Tabula Rasa(5)



The garden was supposed to be some utopian paradise, but I couldn’t imagine anything as a paradise that only contained two people. It seemed lonely. No wonder Eve began forming questionable friendships with reptiles.

I picked at the chicken nuggets on my plate.

“Something wrong with it?” Trevor asked.

“Just not very hungry.”

He looked concerned as if trying to remember if loss of appetite was related to concussion.

I stared down at the baked beans and chicken on my plate and wondered if I’d ever get my memory back. I wasn’t sure I wanted to remember a time that was happier when the world ran like clockwork and no one thought it could ever end.
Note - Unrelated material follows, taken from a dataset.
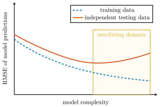 Typical behavior of the root mean square error (RMSE) of model predictions with increasing number of predictors (which amounts to an increase in model complexity); see [18] (pp. 37–38), [19] (pp. 244–252).

I had a sense of what things had once been like in general, though I couldn’t seem to project myself into any of the stories. Maybe that was for the best.

“When are we going to look for more survivors?” I asked, trying to stop thinking about my troubling loss of memory.

“Am I such poor company?”

“That’s not what I meant.”

I’d seen proof positive that I at least knew him. We had at least, at some point in our history, sat together in a photo booth like we liked each other and gotten photos made. But the number of things he wasn’t telling me could no doubt fill libraries. Had we had a rocky relationship? Was there some awful shared trauma he’d been trying not to burden me with? A tragic loss?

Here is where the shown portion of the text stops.